Required work: Make an exact copy of the records below, excluding images.

Provided entries:
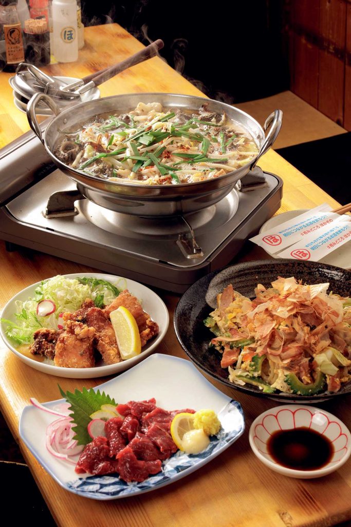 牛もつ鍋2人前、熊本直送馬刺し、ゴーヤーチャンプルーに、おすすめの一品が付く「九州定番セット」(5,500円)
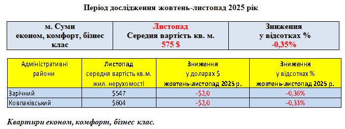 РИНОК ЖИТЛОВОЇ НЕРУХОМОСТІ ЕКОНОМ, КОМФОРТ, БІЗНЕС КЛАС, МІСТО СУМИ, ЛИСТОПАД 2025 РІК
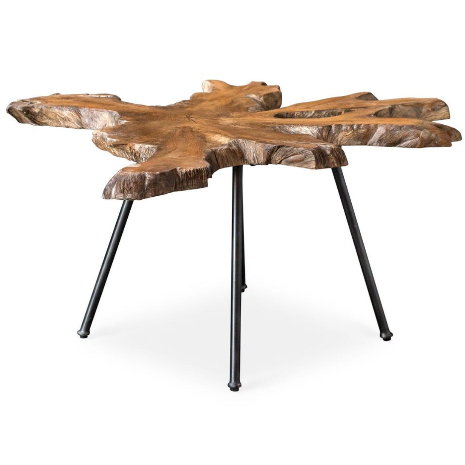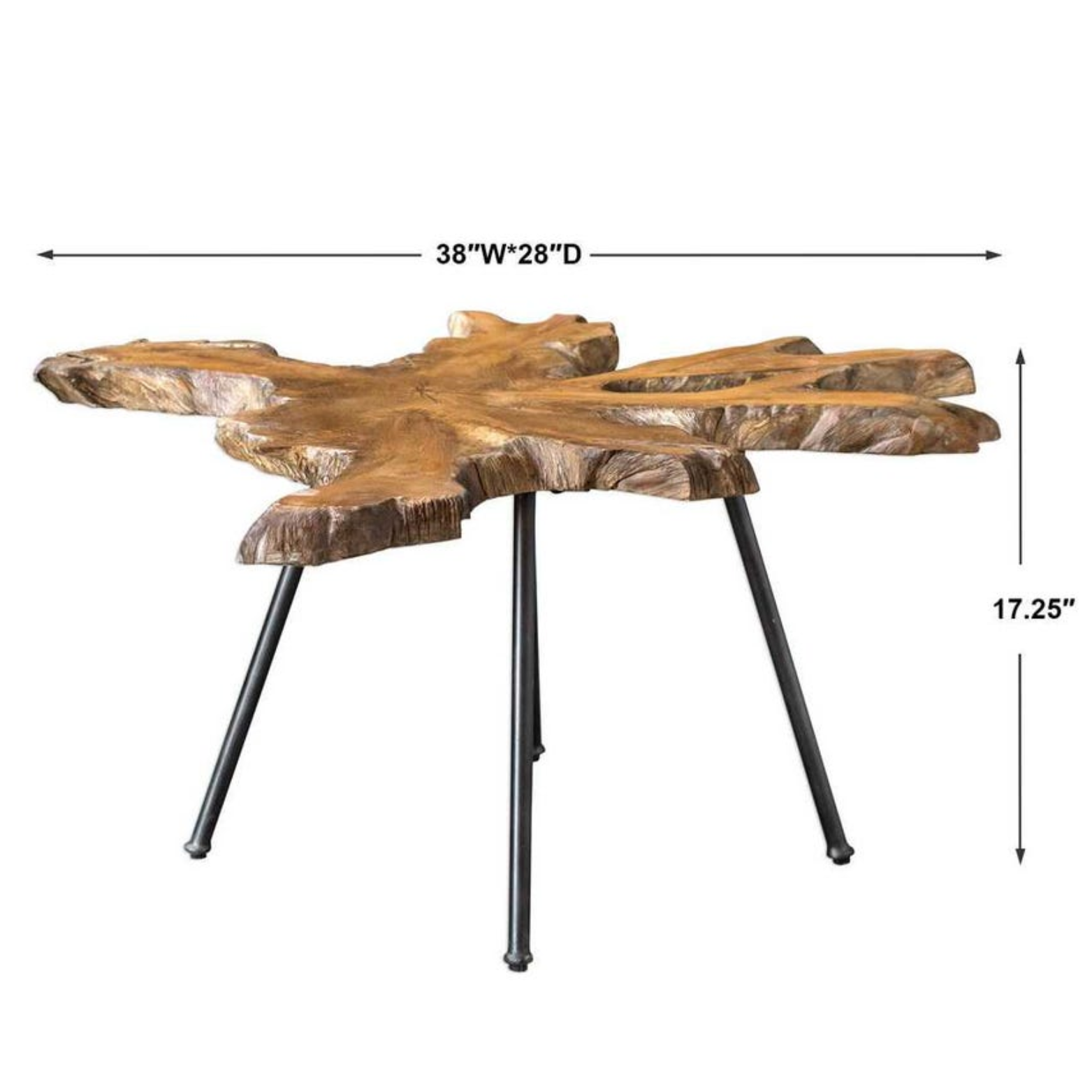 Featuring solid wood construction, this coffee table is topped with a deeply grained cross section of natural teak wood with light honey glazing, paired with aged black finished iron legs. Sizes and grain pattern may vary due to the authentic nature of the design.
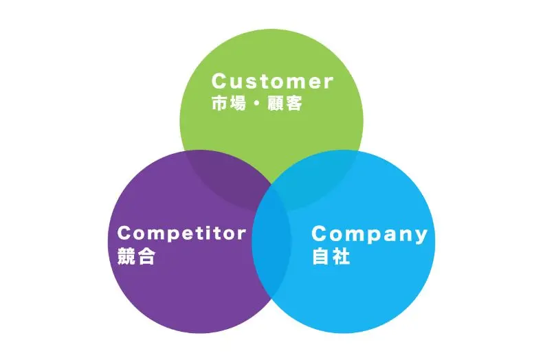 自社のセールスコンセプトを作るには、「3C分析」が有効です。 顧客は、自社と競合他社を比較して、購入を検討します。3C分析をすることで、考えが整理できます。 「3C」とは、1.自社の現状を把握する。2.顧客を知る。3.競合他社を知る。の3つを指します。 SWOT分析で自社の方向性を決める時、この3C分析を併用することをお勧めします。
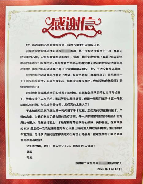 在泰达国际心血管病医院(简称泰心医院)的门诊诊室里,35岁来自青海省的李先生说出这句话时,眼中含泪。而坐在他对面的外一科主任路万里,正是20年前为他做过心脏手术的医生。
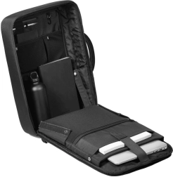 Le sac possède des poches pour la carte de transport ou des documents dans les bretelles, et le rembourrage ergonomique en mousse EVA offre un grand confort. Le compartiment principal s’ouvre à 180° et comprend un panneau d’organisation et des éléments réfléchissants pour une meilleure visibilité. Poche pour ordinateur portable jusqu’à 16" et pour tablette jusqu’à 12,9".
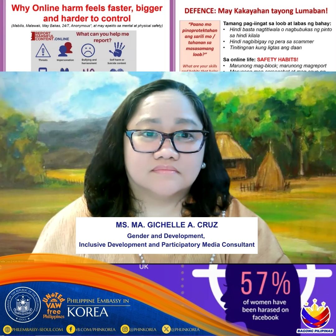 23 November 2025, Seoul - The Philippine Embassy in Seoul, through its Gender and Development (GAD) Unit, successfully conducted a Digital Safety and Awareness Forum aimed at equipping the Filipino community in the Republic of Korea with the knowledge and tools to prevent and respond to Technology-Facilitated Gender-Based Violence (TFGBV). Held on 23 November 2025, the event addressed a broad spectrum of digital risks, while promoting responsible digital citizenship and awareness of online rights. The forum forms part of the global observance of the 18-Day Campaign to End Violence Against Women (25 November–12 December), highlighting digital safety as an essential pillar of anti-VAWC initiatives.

Exercise result:
 牛もつ鍋2人前、熊本直送馬刺し、ゴーヤーチャンプルーに、おすすめの一品が付く「九州定番セット」(5,500円)
 РИНОК ЖИТЛОВОЇ НЕРУХОМОСТІ ЕКОНОМ, КОМФОРТ, БІЗНЕС КЛАС, МІСТО СУМИ, ЛИСТОПАД 2025 РІК
 Featuring solid wood construction, this coffee table is topped with a deeply grained cross section of natural teak wood with light honey glazing, paired with aged black finished iron legs. Sizes and grain pattern may vary due to the authentic nature of the design.
 自社のセールスコンセプトを作るには、「3C分析」が有効です。 顧客は、自社と競合他社を比較して、購入を検討します。3C分析をすることで、考えが整理できます。 「3C」とは、1.自社の現状を把握する。2.顧客を知る。3.競合他社を知る。の3つを指します。 SWOT分析で自社の方向性を決める時、この3C分析を併用することをお勧めします。
 在泰达国际心血管病医院(简称泰心医院)的门诊诊室里,35岁来自青海省的李先生说出这句话时,眼中含泪。而坐在他对面的外一科主任路万里,正是20年前为他做过心脏手术的医生。
 Le sac possède des poches pour la carte de transport ou des documents dans les bretelles, et le rembourrage ergonomique en mousse EVA offre un grand confort. Le compartiment principal s’ouvre à 180° et comprend un panneau d’organisation et des éléments réfléchissants pour une meilleure visibilité. Poche pour ordinateur portable jusqu’à 16" et pour tablette jusqu’à 12,9".
 23 November 2025, Seoul - The Philippine Embassy in Seoul, through its Gender and Development (GAD) Unit, successfully conducted a Digital Safety and Awareness Forum aimed at equipping the Filipino community in the Republic of Korea with the knowledge and tools to prevent and respond to Technology-Facilitated Gender-Based Violence (TFGBV). Held on 23 November 2025, the event addressed a broad spectrum of digital risks, while promoting responsible digital citizenship and awareness of online rights. The forum forms part of the global observance of the 18-Day Campaign to End Violence Against Women (25 November–12 December), highlighting digital safety as an essential pillar of anti-VAWC initiatives.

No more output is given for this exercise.